» **Records for the task**

········

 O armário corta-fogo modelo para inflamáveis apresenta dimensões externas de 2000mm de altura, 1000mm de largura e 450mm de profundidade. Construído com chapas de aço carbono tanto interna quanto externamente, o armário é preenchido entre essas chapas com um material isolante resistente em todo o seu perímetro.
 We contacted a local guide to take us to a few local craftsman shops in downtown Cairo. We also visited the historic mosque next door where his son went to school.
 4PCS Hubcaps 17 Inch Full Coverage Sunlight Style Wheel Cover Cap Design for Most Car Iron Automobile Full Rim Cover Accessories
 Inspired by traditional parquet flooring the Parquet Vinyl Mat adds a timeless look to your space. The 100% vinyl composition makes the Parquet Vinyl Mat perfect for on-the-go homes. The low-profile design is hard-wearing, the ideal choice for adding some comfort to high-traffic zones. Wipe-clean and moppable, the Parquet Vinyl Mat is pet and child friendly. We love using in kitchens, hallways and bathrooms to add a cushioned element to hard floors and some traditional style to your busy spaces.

········

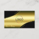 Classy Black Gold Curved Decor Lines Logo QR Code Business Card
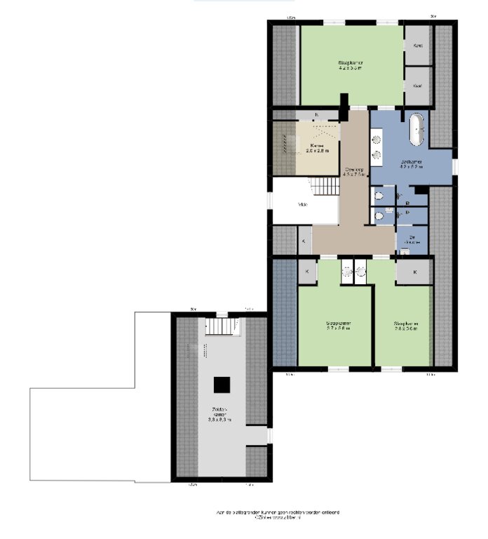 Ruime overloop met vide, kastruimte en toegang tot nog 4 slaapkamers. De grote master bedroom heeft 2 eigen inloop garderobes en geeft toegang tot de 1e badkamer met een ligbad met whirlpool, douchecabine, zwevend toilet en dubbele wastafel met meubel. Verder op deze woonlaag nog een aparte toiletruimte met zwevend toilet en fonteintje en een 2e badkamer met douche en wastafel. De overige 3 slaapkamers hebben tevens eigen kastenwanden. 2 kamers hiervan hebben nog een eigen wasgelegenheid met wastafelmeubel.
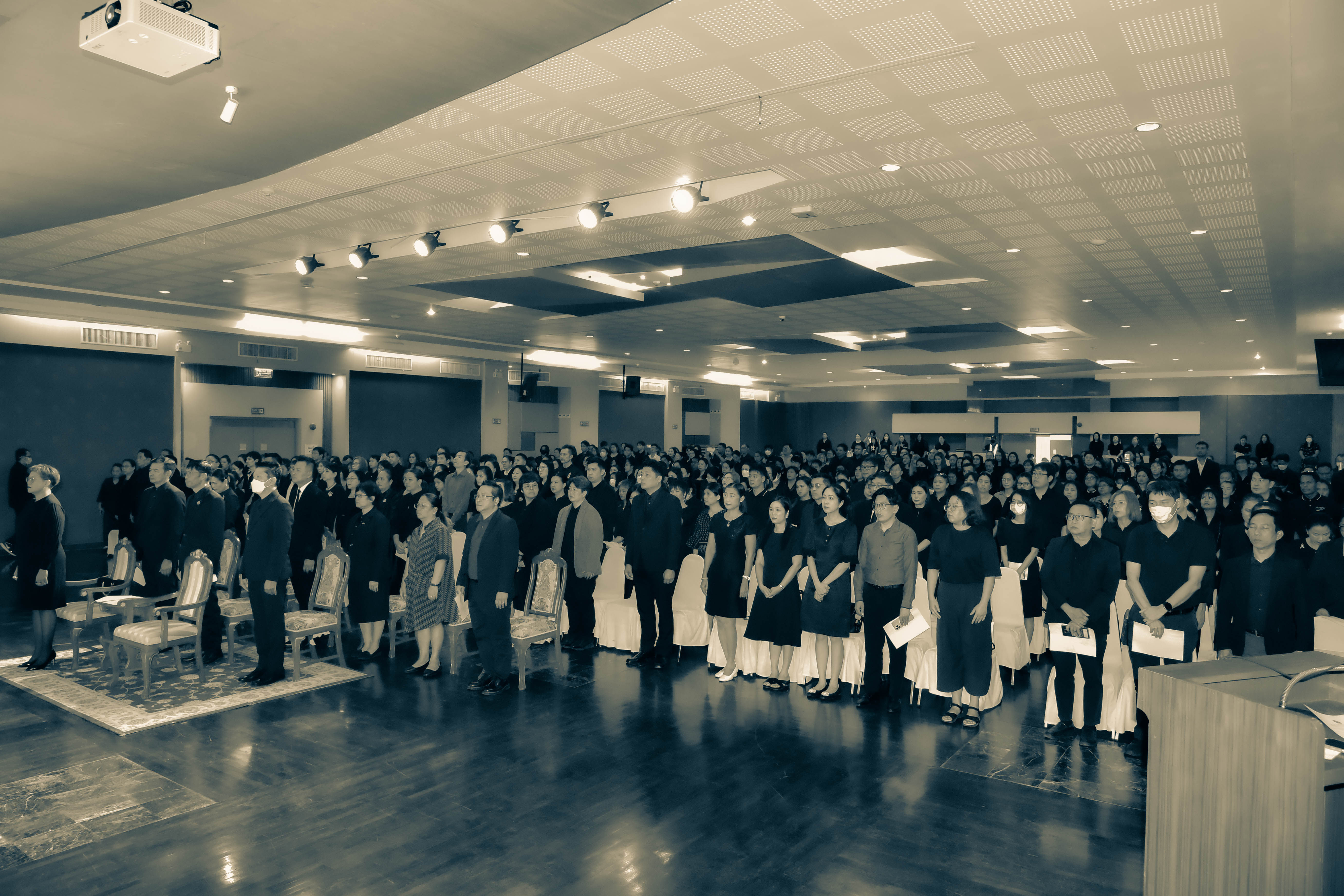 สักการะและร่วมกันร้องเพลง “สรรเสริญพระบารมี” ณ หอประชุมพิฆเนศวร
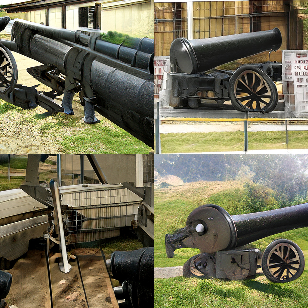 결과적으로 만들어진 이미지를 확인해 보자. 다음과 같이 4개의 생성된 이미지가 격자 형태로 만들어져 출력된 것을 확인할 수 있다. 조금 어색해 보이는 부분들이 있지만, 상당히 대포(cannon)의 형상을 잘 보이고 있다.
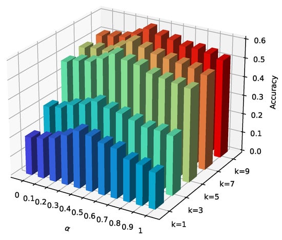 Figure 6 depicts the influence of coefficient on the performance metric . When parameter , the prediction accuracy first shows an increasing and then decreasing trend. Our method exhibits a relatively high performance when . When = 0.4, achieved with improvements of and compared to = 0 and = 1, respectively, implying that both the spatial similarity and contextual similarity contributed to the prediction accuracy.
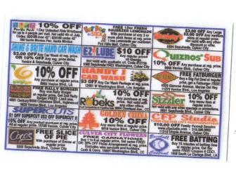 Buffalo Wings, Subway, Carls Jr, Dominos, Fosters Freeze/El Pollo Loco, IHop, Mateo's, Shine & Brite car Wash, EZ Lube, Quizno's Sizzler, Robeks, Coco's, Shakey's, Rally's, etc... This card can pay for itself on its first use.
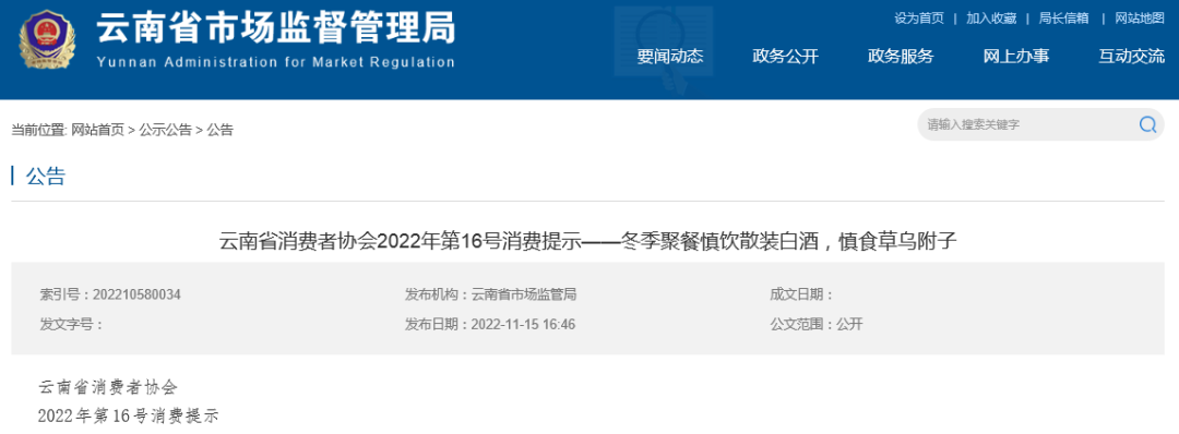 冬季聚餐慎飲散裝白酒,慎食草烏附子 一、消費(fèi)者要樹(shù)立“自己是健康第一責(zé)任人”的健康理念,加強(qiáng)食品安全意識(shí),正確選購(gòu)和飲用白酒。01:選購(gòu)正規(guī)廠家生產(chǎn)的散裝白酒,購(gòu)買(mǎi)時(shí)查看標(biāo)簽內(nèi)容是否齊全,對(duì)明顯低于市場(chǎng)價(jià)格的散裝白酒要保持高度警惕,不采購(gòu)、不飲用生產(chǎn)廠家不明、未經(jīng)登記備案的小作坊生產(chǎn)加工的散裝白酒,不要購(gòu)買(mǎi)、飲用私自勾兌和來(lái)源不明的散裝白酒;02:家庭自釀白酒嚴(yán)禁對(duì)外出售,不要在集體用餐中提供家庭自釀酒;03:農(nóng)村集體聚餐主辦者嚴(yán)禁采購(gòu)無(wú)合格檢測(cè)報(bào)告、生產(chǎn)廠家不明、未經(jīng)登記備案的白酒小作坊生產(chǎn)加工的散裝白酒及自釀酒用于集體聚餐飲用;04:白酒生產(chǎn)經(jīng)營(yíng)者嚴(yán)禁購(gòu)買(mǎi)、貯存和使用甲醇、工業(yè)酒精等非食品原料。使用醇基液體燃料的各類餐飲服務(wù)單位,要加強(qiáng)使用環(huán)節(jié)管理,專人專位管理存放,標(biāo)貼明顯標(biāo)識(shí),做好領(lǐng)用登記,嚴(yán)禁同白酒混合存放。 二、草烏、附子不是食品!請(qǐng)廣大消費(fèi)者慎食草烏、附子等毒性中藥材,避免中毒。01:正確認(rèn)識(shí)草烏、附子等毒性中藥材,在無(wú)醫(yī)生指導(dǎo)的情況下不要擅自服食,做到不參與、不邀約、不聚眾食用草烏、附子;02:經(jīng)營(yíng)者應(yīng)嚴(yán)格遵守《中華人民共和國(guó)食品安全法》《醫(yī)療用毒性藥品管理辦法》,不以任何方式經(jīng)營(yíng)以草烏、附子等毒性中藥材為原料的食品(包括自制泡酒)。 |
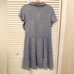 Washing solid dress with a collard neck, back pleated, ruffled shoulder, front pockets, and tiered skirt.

········

Please return the data above exactly as it stands from the line with "Figure 6 depicts" to the line with "Buffalo Wings, Subway, Carls", keeping both of those lines but none of the pictures.

» **Your solution**
 Figure 6 depicts the influence of coefficient on the performance metric . When parameter , the prediction accuracy first shows an increasing and then decreasing trend. Our method exhibits a relatively high performance when . When = 0.4, achieved with improvements of and compared to = 0 and = 1, respectively, implying that both the spatial similarity and contextual similarity contributed to the prediction accuracy.
 Buffalo Wings, Subway, Carls Jr, Dominos, Fosters Freeze/El Pollo Loco, IHop, Mateo's, Shine & Brite car Wash, EZ Lube, Quizno's Sizzler, Robeks, Coco's, Shakey's, Rally's, etc... This card can pay for itself on its first use.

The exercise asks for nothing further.